Header files & the preprocessor

After we shipped paxCount, our client wants to change the specification! paxCount should distinguish between flights with 0 passengers (returning 0), and flights not in the database (returning -1).

Easy enough. For future flexibility, we decide to add a “default” parameter to getCount:

paxDB.c

int flights[] = { 20, 15, 0 }; int getCount(char* flightNumber, int deflt) { if (flightNumber[0] == '0') return flights[0]; if (flightNumber[0] == '1') return flights[1]; if (flightNumber[0] == '2') return flights[2]; return deflt; }

paxCount.c

int getCount(char* flightNumber, int deflt); int main(int argc, char** argv) { if (argc > 1) return getCount(argv[1], -1); return 0; }

This works pretty much as expected (255 is -1 in an unsigned 8-bit encoding):

$ gcc -Wall -Werror -o paxCount paxCount.c paxDB.c $ ./paxCount 2 ; echo $? 0 $ ./paxCount 5 ; echo $? 255

However, next morning our automated tests of paxCheck are producing strange results:

$ gcc -Wall -Werror -o paxCheck paxCheck.c paxDB.c $ ./paxCheck 5 && echo "OK" || echo "ERROR" OK

What’s going on? Flight 5 is not in our database, so the above command should return ERROR, not OK! Let’s have a look at paxCheck.c:

paxCheck.c

int getCount(char* flightNumber); int main(int argc, char** argv) { int count = 0; if (argc > 1) count = getCount(argv[1]); if (count == 0) return 1; /* error */ else return 0; /* success */ }

Oh right! We changed getCount in paxDB.c, but we forgot to update the declaration in paxCheck.c.

Even if you are confused by how this still compiles and runs,1 at least it is clear what the cause of the problem is. It’s easy enough to fix, by correcting the declaration of getCount to match its definition in paxDB.c:

paxCheck.c

int getCount(char* flightNumber, int deflt); int main(int argc, char** argv) { int count = 0; if (argc > 1) count = getCount(argv[1]); if (count == 0) return 1; /* error */ else return 0; /* success */ }
$ gcc -Wall -Werror -o paxCheck paxCheck.c paxDB.c paxCheck.c: In function ‘main’: paxCheck.c:8: error: too few arguments to function ‘getCount’

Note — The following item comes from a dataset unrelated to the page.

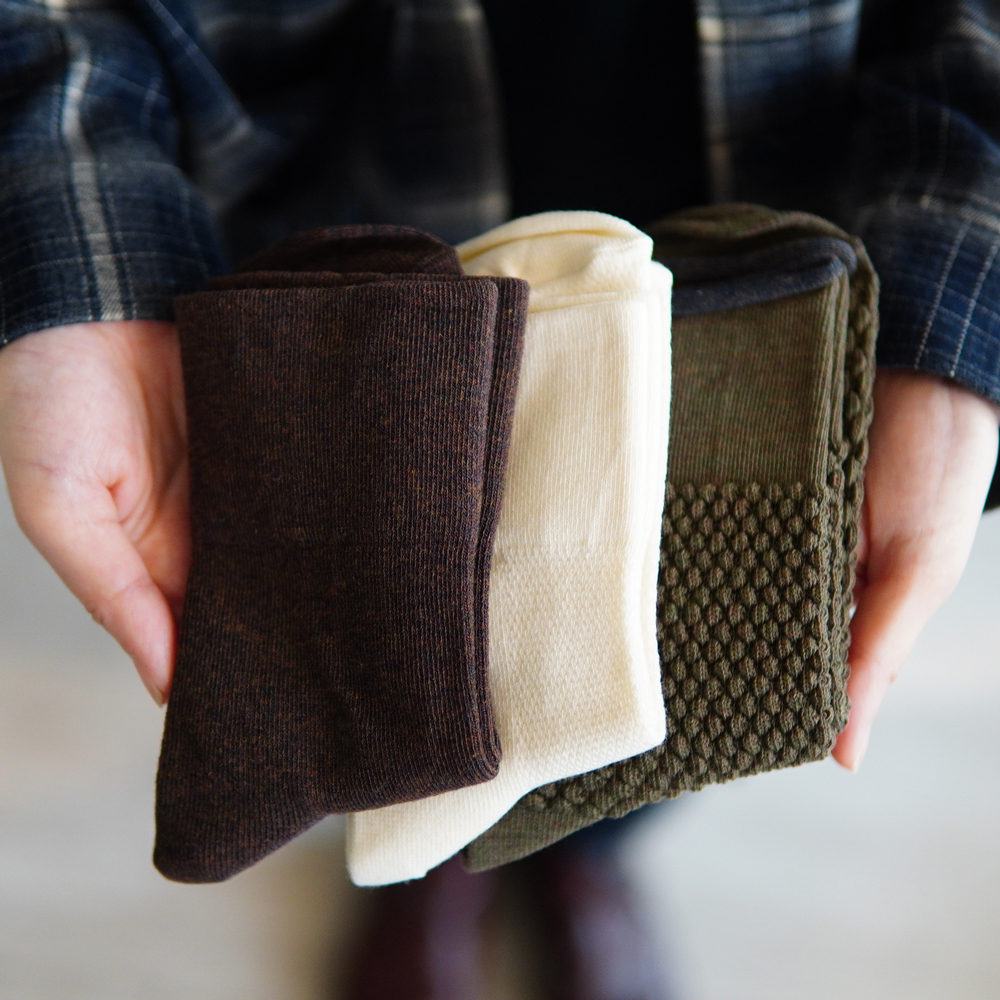 ちなみに私は、ベーシックのセットを買い足しました。秋冬用にKIHONのMOKUEI(ダークブラウン)が欲しい!と思っていたのと、TSUKIのHIKARI(オフホワイト)は既に持っていてヘビロテしているので、買い替えに。SHINSHUKUのMORI(ディープグリーン)はRELIEFWEARさんでも人気カラーということで、間違いない3色は絶対使いやすい!と今回のお買物リスト入り!実際に履いてみると、MORI(ディープグリーン)がすごく良い色でお気に入りになりました。人気カラーというのが納得…。MORIは単品での販売もございます。
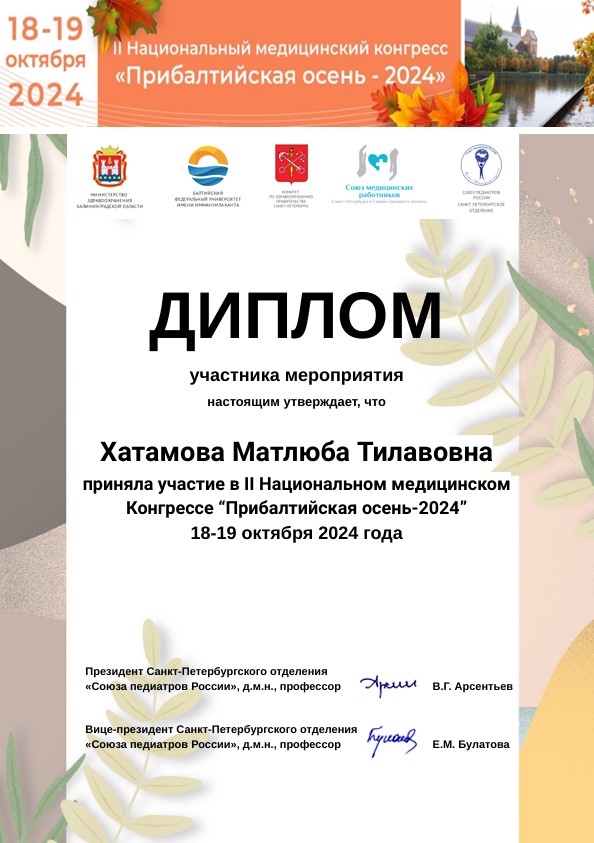 - Преэклампсия муаммосига замонавий қарашлар//тиббиётда янги кун Ахмедов Ф.К. Негматуллаева М.Н. Курбанова З.Ш. тиббиётда янги кун. 1(21)- 2018.

Aha! Now that the compiler knows the correct prototype for getCount, it can tell that the function call is incorrect, and stop with a compilation error.

The correct program is:

paxCheck.c

int getCount(char* flightNumber, int deflt); int main(int argc, char** argv) { int count = 0; if (argc > 1) count = getCount(argv[1], 0); if (count == 0) return 1; /* error */ else return 0; /* success */ }
$ gcc -Wall -Werror -o paxCheck paxCheck.c paxDB.c $ ./paxCheck 5 && echo "OK" || echo "ERROR" ERROR

Well, that works, but imagine that we had 10, 20, or 100 programs all using paxDB.c. Clearly this isn’t a solution that is going to scale. For this very reason, header files were invented.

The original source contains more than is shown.